### Exercise objective
If pictures appear among the lines below, leave them out while you return exactly the lines from the one with "Леушинская икона Божьей" through the one with "- Opublikuj zmiany w Gogle Tag Manager".

### Provided entries
_____

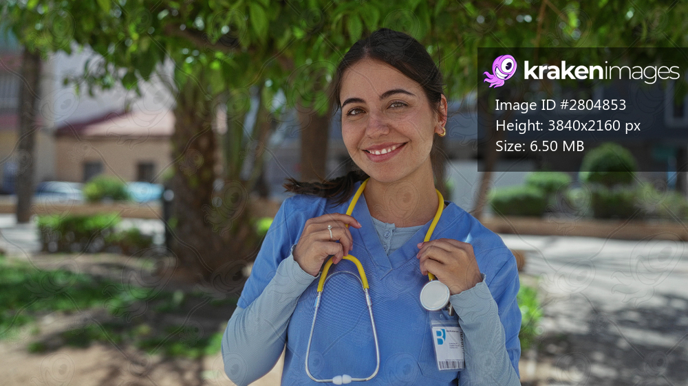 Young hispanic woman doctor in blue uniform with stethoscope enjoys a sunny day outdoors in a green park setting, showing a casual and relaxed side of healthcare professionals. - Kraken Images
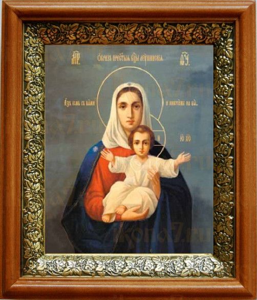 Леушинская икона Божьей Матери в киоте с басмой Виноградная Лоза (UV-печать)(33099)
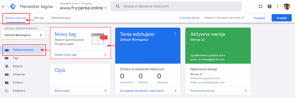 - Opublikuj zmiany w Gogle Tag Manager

_____

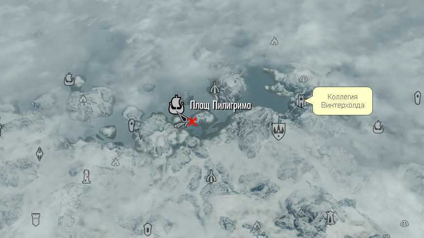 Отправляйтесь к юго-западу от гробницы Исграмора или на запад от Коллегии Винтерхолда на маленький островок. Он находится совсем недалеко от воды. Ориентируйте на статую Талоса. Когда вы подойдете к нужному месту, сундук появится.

_____

### Answer space
 Леушинская икона Божьей Матери в киоте с басмой Виноградная Лоза (UV-печать)(33099)
 - Opublikuj zmiany w Gogle Tag Manager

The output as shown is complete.